The Red Sox are still somewhat banged up, with Marco Hernandez, Tyler Thornburg, and Steven Wright done for the season, Roenis Elias trending in that direction, and Carson Smith still up in the air. That being said, they stand to get much more healthy in the coming week, with Brock Holt, Josh Rutledge, and Eduardo Rodriguez all slated to return in the next week or so.
Their Story So Far
Boston is 50-39 with a +65 run differential, and the best home record (25-14) in the American League. Their pitching staff has been the driving force behind their success, with the third-best park-adjusted ERA in the majors, and the fourth best WAR. The fact that they have the best pitcher in the league helps, but it is far from a one-man show.
The Red Sox offense has been starting to click, as well, though its 105 wRC+ in the last 30 days still isn’t quite where they wanted to be. Mookie Betts, Jackie Bradley Jr., Andrew Benintendi, and Hanley Ramirez all had slow starts (and Xander Bogaerts has slumped of late), and they haven’t come close to replacing David Ortiz. It’s difficult to see this offense as anything less than potent, but they’re still waiting to truly break out.
For more specifics about the Red Sox, check out Over the Monster.
The Lineup We Might See
This has been John Farrell’s lineup of choice of late:
- Mookie Betts, RF
- Dustin Pedroia, 2B
- Xander Bogaerts, SS
- Mitch Moreland, 1B
- Hanley Ramirez, DH
- Andrew Benintendi, LF
- Jackie Bradley Jr., CF
- Christian Vazquez, C / or / Sandy Leon, C
- Tzu-Wei Lin, 3B
The Starting Pitchers We Will See
Friday (7:10 PM EST): LHP Jordan Montgomery vs. LHP Drew Pomeranz
Pomeranz had a somewhat rough outing against the Yankees on June 6; he only allowed 2 R (1 ER) in 5.0 IP, but it took him 123 pitches to finish those innings. He was clearly laboring, and only 58% of his offerings were strikes – but the Yankees could get that one big hit to blow the game open. Pomeranz has made 17 starts this season on the whole, throwing 90 innings of 3.60 ERA (128 ERA+) ball.
Last Outing (vs. TBR on 7/7) – 6.0 IP, 6 H, 2 R, 5 BB, 6 K
Saturday (4:05 PM EST): RHP Luis Severino vs. LHP Chris Sale
By several measures, Sale has been the best pitcher in baseball this year. He leads the majors in fWAR, K%, K-BB%, and park-adjusted FIP, and he’s averaging better than 7 IP per start. He has 10+ strikeouts and 0 walks in three of his 18 starts, and he’s walked more than 2 batters twice.
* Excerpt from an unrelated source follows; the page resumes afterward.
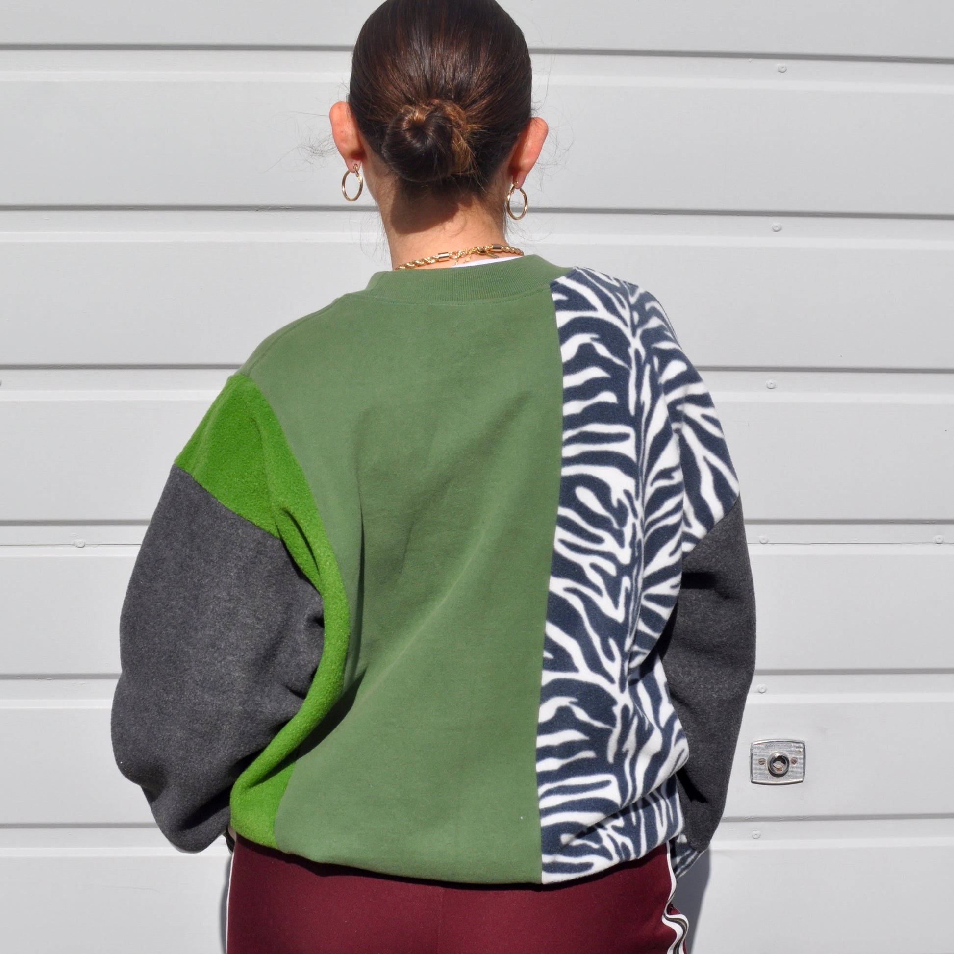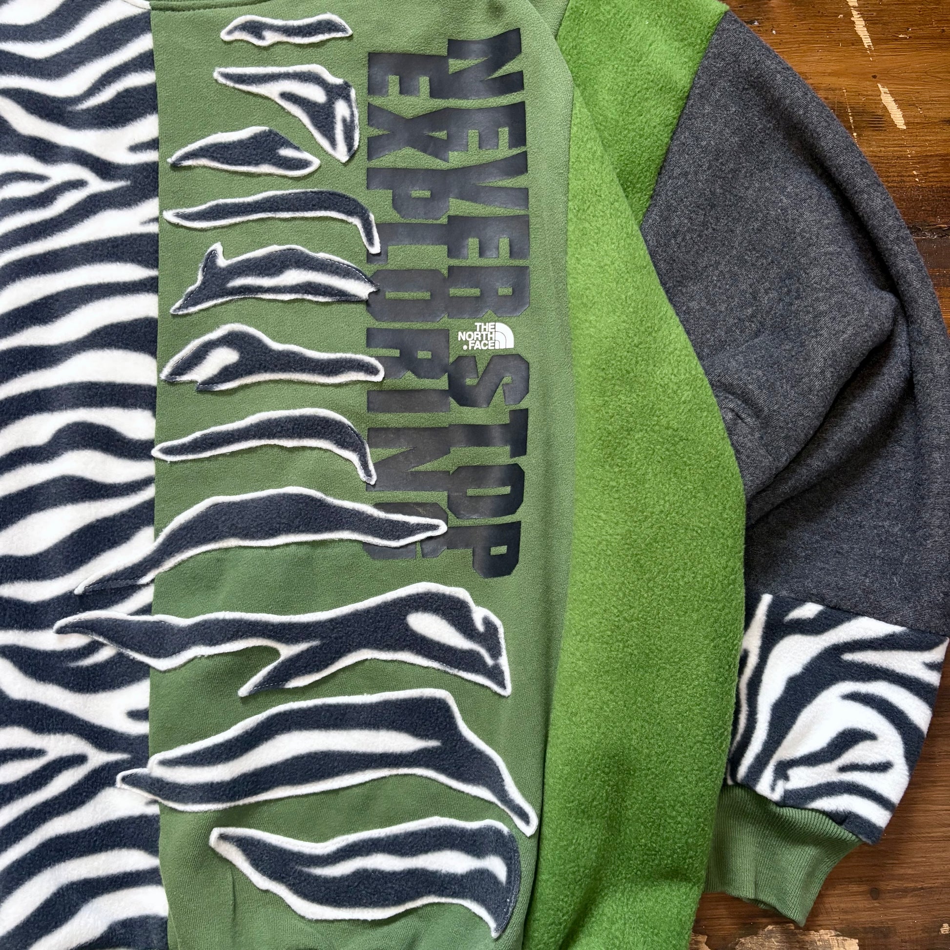 I salvaged part of a north face hoodie and reconstructed it into a new piece using green, charcoal and zebra print fleece. I also used scraps of zebra stripes to cover some small imperfections that were left. It’s a second hand piece but is now in very good condition.
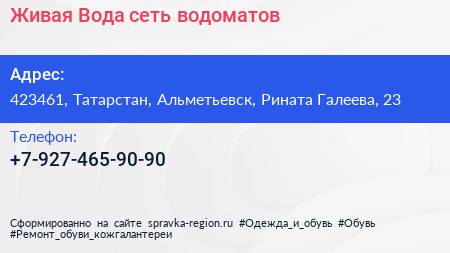 Живая Вода, сеть водоматов по адресу 423461, Татарстан, Альметьевск, Рината Галеева, 23 в дальнейшем Организация, размещена в следующих категориях:

In short, he has been dominant (and, yes, that includes his loss to the Yankees back in April, when he went 8 IP, allowing 8 H, 3 R, and 0 BB, while striking out 10).
Last Outing (vs. TBR on 7/6) – 7.0 IP, 7 H, 4 R, 0 BB, 12 K
Sunday (1:05 PM EST): RHP Bryan Mitchell vs. RHP Rick Porcello
Porcello has followed-up his Cy Young campaign by being the worst starter on the Red Sox. He’s currently sitting on a 4.75 ERA (97 ERA+) in 119.1 IP, and he has allowed 4+ ER in 7 of his 19 starts (and 3 ER in 6 more). He is coming off of his best start of the season, though.
Last Outing (vs. TBR on 7/8) – 8.0 IP, 6 H, 1 R, 0 BB, 7 K
Sunday (8:05 PM EST): RHP Masahiro Tanaka vs. LHP David Price
The Yankees roughed Price up a little over a month ago, plating 6 runs in 5 innings, with 12 runners reaching base. Price has settled down since then, with a 3.25 ERA in six starts, but he has yet to look dominant this season. He missed nearly two months, so that’s understandable – but he didn’t look like the Price of old last year, either.
Last Outing (vs. TBR on 7/9) – 6.0 IP, 5 H, 2 R, 2 BB, 5 K
The Red Sox have the best bullpen in baseball by RA9-WAR (FanGraphs’ run-based WAR), with nearly a full run lead over the Dodgers. Closer Craig Kimbrel leads the way, with his microscopic 1.19 ERA and ridiculous 16.3 K/9 and 1.2 BB/9 leading the way to his season yet. Joe Kelly (1.49 ERA), Fernando Abad (2.93), Blaine Boyer (3.13 ERA, 4.0 K/BB), Heath Hembree (3.57 ERA, 6.3 K/BB), and Matt Barnes (3.57 ERA, 10.9 K/9) form a formidable middle relief core that stands to improve if a couple of guys get healthy.
Who (Or What) To Watch
I’m all-in for the Gary Sanchez vs. David Price match-up.
In a more general sense, I’m just plain happy that the Yankees (and baseball) are back. Two days off may not be all that much in the most basic sense, but it felt like an eternity.